Data under study: Begin

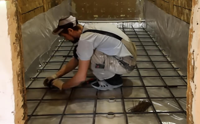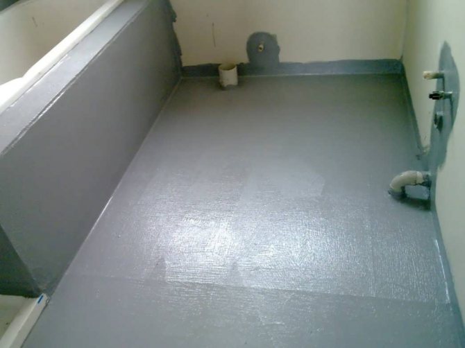 After waiting for complete drying, you need to carefully inspect the surface - so that there are no non-oiled areas. The floor should be flat and uniform. For confidence it is better to apply a second coat. Then a screed is made - a reinforcing mesh is laid. When using rubber compounds as waterproofing, it is necessary to make a screed - the tile adhesive does not adhere well to the rubber-impregnated surface.
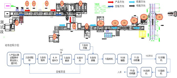 自动站点: 自动切换载板 自动贴标 外六面AOI 自动装袋 自动组装卡托 自动装箱 自动开箱 自动装键盘盒 自动码垛 自动绕膜
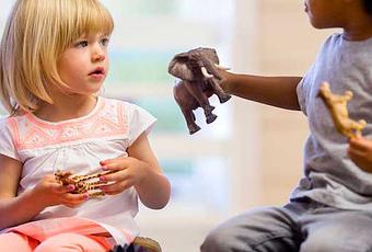 Siempre esté al tanto de las etiquetas de seguridad y seleccione juguetes apropiados para la edad y use juicios apropiados al seleccionar juguetes para que su niño juegue. Considere el desarrollo, el temperamento y el comportamiento general de un niño al elegir juguetes y recuerde que cada niño es único en su desarrollo. Pegarse a los juguetes que están etiquetados para la edad de desarrollo del niño proporcionará el disfrute y la estimulación para el joven.
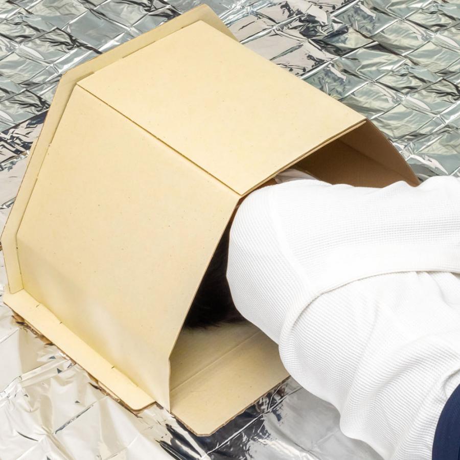 避難先での睡眠時に頭部を覆うことで、光や音を軽減し睡眠の質を向上できる組立式の防災安眠ドーム。独自にデザインした家型のフォルムを採用することにより、圧迫感を軽減しながら独立した空間を確保し、避難所でのストレス軽減にも役立ちます。
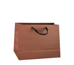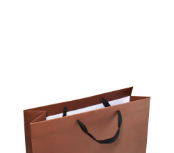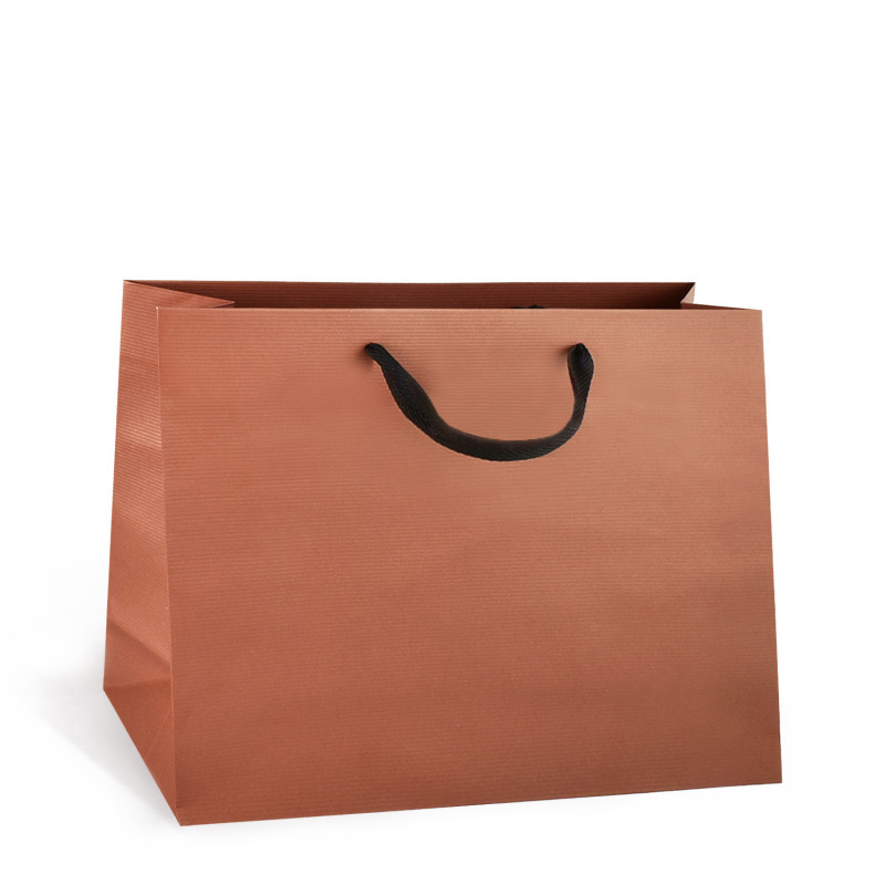 Stredne veľká bordó darčeková taška, s čiernym bavlneným uchom, v rozmere 41x13x31 cm. Taška je vyrobená z pevného ryhovaného, kraftového papiera, vhodná na väčšie darčeky.
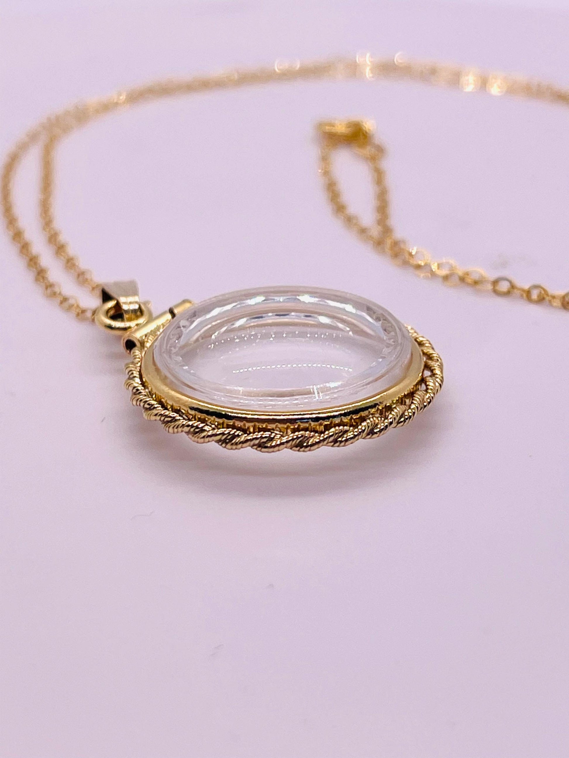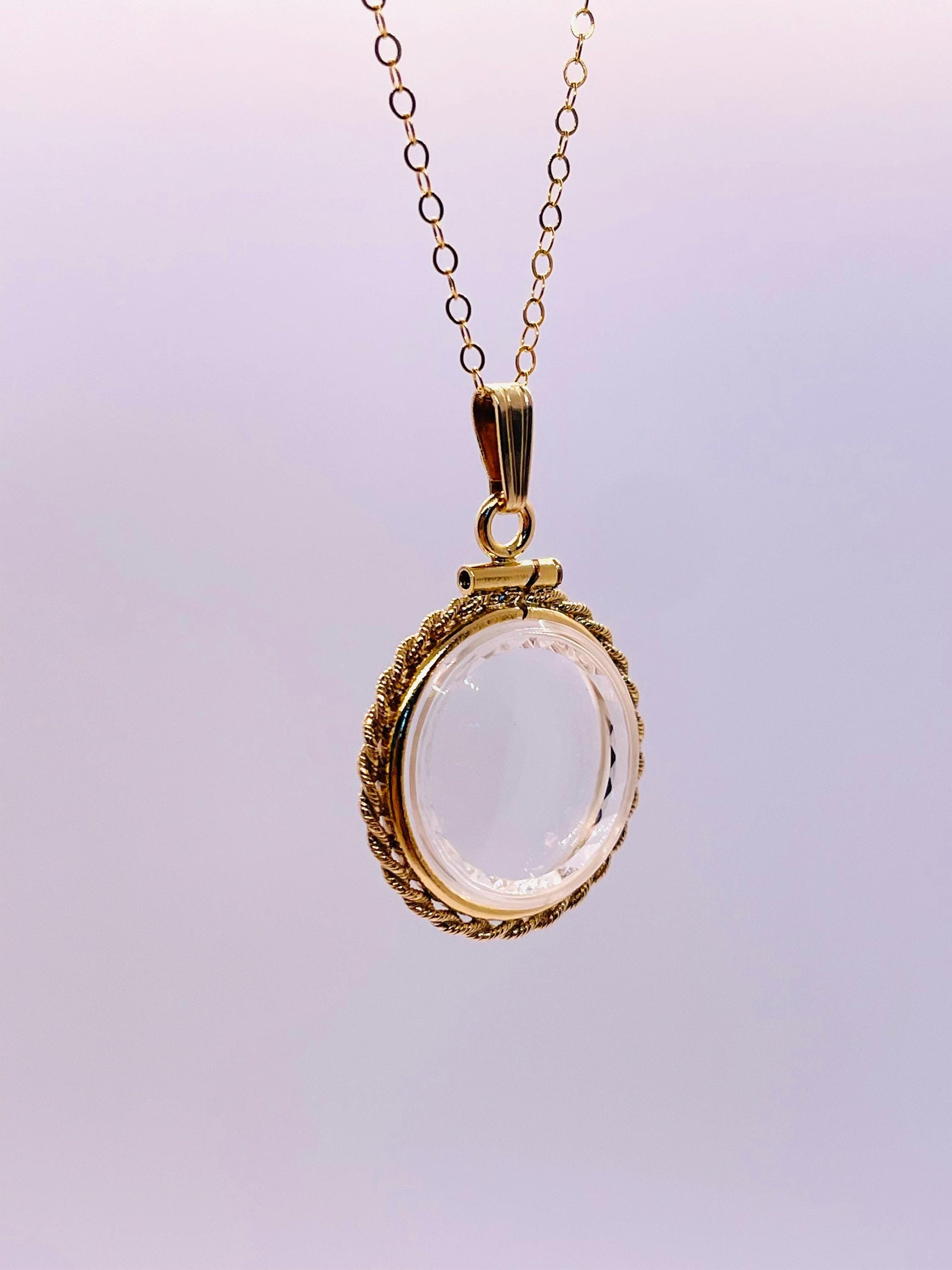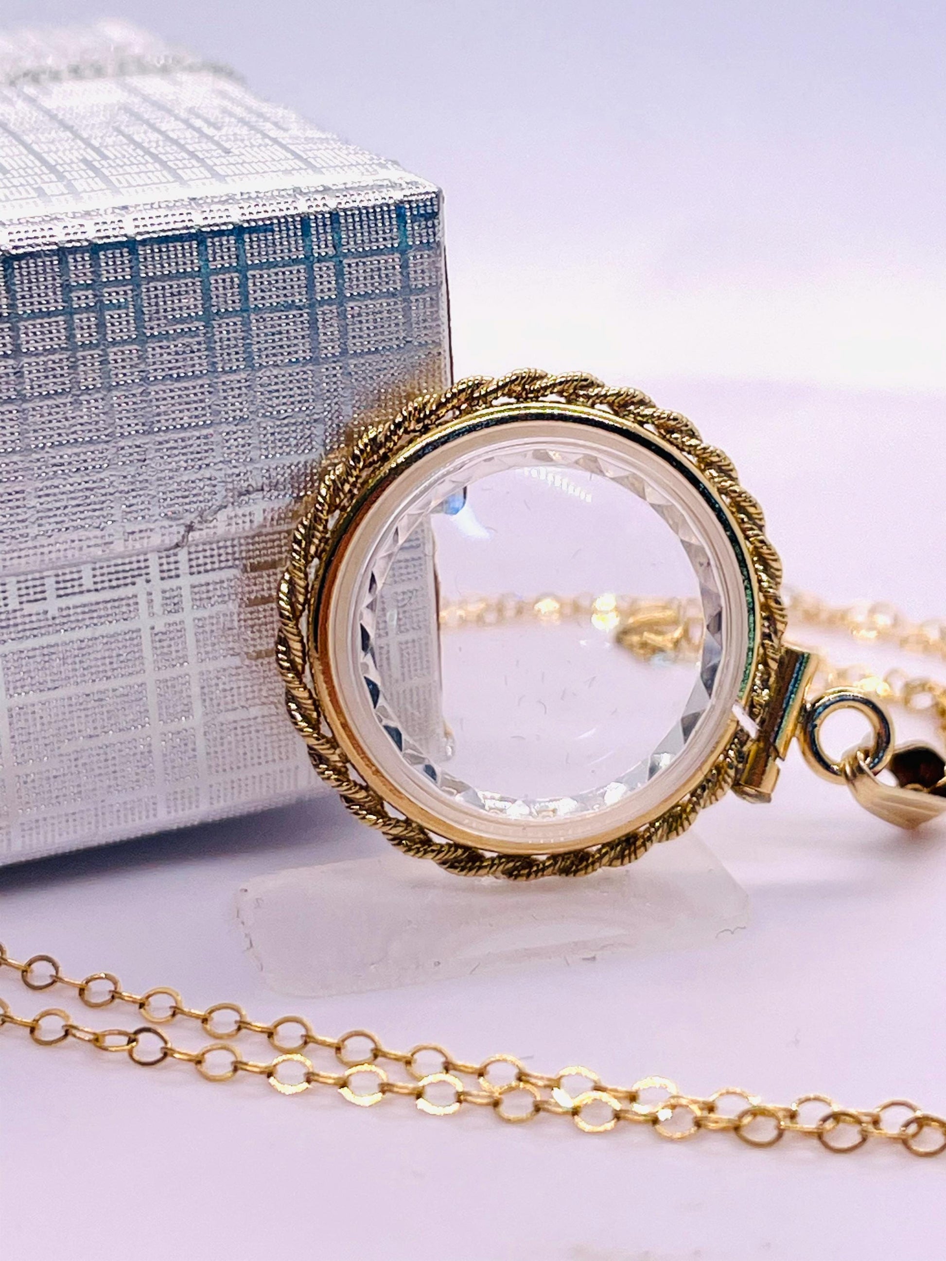 Up for sale: NEW 18 mm Handmade 14k gold filled rope edge shaker locket. These lockets can be opened with a small screwdriver. They are new and comprised of a gold filled bezel and two lucite covers and a gold filled jump ring. One of the lucite covers has a beautiful diamond cut edge. You can buy the locket only w/o 16"-24" GF chain. Locket only option comes with a 14k GF snap bail so you can add your own chain. This shaker locket can be viewed from both sides and will store and display your little treasures. You can put gems, gold, hair, anything you can imagine. The picture within this listing displays 4mm moonstone gemstones. See all of my listing for examples and ideas. What will you put in yours?

Data under study: End

### Exercise aim
Apart from the images, please copy every line of the data exactly as written.

### Response to this exercise
 After waiting for complete drying, you need to carefully inspect the surface - so that there are no non-oiled areas. The floor should be flat and uniform. For confidence it is better to apply a second coat. Then a screed is made - a reinforcing mesh is laid. When using rubber compounds as waterproofing, it is necessary to make a screed - the tile adhesive does not adhere well to the rubber-impregnated surface.
 自动站点: 自动切换载板 自动贴标 外六面AOI 自动装袋 自动组装卡托 自动装箱 自动开箱 自动装键盘盒 自动码垛 自动绕膜
 Siempre esté al tanto de las etiquetas de seguridad y seleccione juguetes apropiados para la edad y use juicios apropiados al seleccionar juguetes para que su niño juegue. Considere el desarrollo, el temperamento y el comportamiento general de un niño al elegir juguetes y recuerde que cada niño es único en su desarrollo. Pegarse a los juguetes que están etiquetados para la edad de desarrollo del niño proporcionará el disfrute y la estimulación para el joven.
 避難先での睡眠時に頭部を覆うことで、光や音を軽減し睡眠の質を向上できる組立式の防災安眠ドーム。独自にデザインした家型のフォルムを採用することにより、圧迫感を軽減しながら独立した空間を確保し、避難所でのストレス軽減にも役立ちます。
 Stredne veľká bordó darčeková taška, s čiernym bavlneným uchom, v rozmere 41x13x31 cm. Taška je vyrobená z pevného ryhovaného, kraftového papiera, vhodná na väčšie darčeky.
 Up for sale: NEW 18 mm Handmade 14k gold filled rope edge shaker locket. These lockets can be opened with a small screwdriver. They are new and comprised of a gold filled bezel and two lucite covers and a gold filled jump ring. One of the lucite covers has a beautiful diamond cut edge. You can buy the locket only w/o 16"-24" GF chain. Locket only option comes with a 14k GF snap bail so you can add your own chain. This shaker locket can be viewed from both sides and will store and display your little treasures. You can put gems, gold, hair, anything you can imagine. The picture within this listing displays 4mm moonstone gemstones. See all of my listing for examples and ideas. What will you put in yours?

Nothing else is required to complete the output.